Jamie washed the raspberries and Lu helped me layer the tiers of chocolate
cake (quite a delicate operation with cakes so large, one that definitely
required more than two hands!) with the whipped cream and arrange the raspberries
on top. However, Jamie soon discovered
that about a third of them had over-ripened and begun to fur. He jumped on his bike and headed to the
village shops, only to discover there was only a single punnet of raspberries
left on the island. He returned with those and some extra blueberries. I decided that rather than decorating the
chocolate cake just with Earl Grey gold dusted raspberries (as in my original test),
I would decorate the top of each cake with a mixture of blueberries,
raspberries and blackberries, along with my candied orange slices and edible
flower petals, and sprinkled the Earl Grey gold dust over the whole cake rather
than dipping individual raspberries in it for the chocolate cake. This in the end had a more unifying effect,
as if I’d planned it!
The next, risky bit was assembling the cake stand. It has three metal poles which each skewers
through the middle of a whole cake to screw into the stand above. We decided it was best to do this by
skewering upwards through the cake from the hole beneath it, so we didn’t need
to move the carefully layered cake to align it from above. This meant I carefully held the cake stand
overhanging the edge of the table, while Lu sat on the floor beneath it, poking
a hole through the middle (using the dismantled central pole from a caffetiere
plunger as I’d forgotten to bring skewers!)
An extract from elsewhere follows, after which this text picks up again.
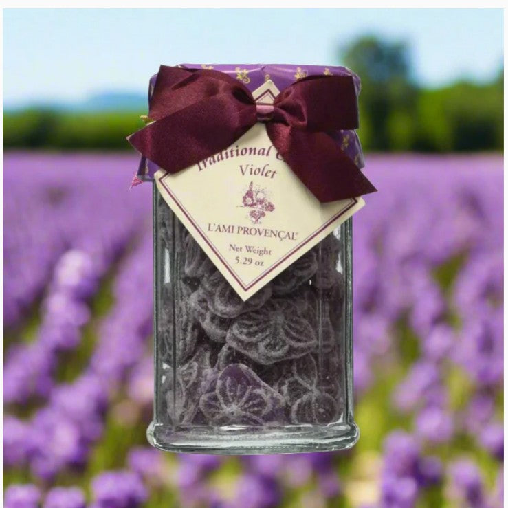 L'Ami Provençal Traditional Candies are a beautiful gift or a sweet treat for yourself. Packaged in a 12-sided glass jar with screw-on lid under the paper wrapper and ribbon. Crafted in the petite and picturesque town of Éguilles, near sunny Aix-en-Provence.

Once that nervousness was over, the three of us each carried a tier
downstairs, through the back garden and into the marquee. Here we carefully screwed the cake stand
together, trying not to make a mess of the silk table runners upon which it
sat! Finally, the three tiers were
together, and all that remained was for me to decorate it with the petals,
berries, candied oranges and Earl Grey gold dust.
As soon as it was done, I rushed to change into my dress,
and dashed to Ellie’s Den to make flower girl head-dresses and help Ellie get
ready. The three day whirlwind was over –
and time for the wedding to begin! We
walked through the woods – which as a child I would definitely have thought of
as an enchanted forest where fairies resided – and came to a beautiful sunny
clearing, with the most stunning views over the sea. It was a magical ceremony, followed by a
fantastic party back at Beau Sejour. The
cake was a hit – a huge queue formed as Ellie and Ruadhan cut it, and the whole
thing was demolished before you knew it.
A mark of success I think!
The queue for the cake |
BEAUTIFUL and so well thought out! xxx
ReplyDeleteThis was lovely to read, thanks so much Charlie. You seemed so calm coming to chat to us while the beauties were in the oven. The cake tasted especially amazing even after all that continuous flow of wine! I think I had some off two tiers. I'm not joking, I'm not normally much of a cake lover, but this was incredible and I NEVER crave chocolate but I have been continuously since eating it! Lots of love, Ellie's Cousin xxxx
ReplyDeleteIt was the best wedding cake I ever saw. I only tasted the chocolate and it was delicious!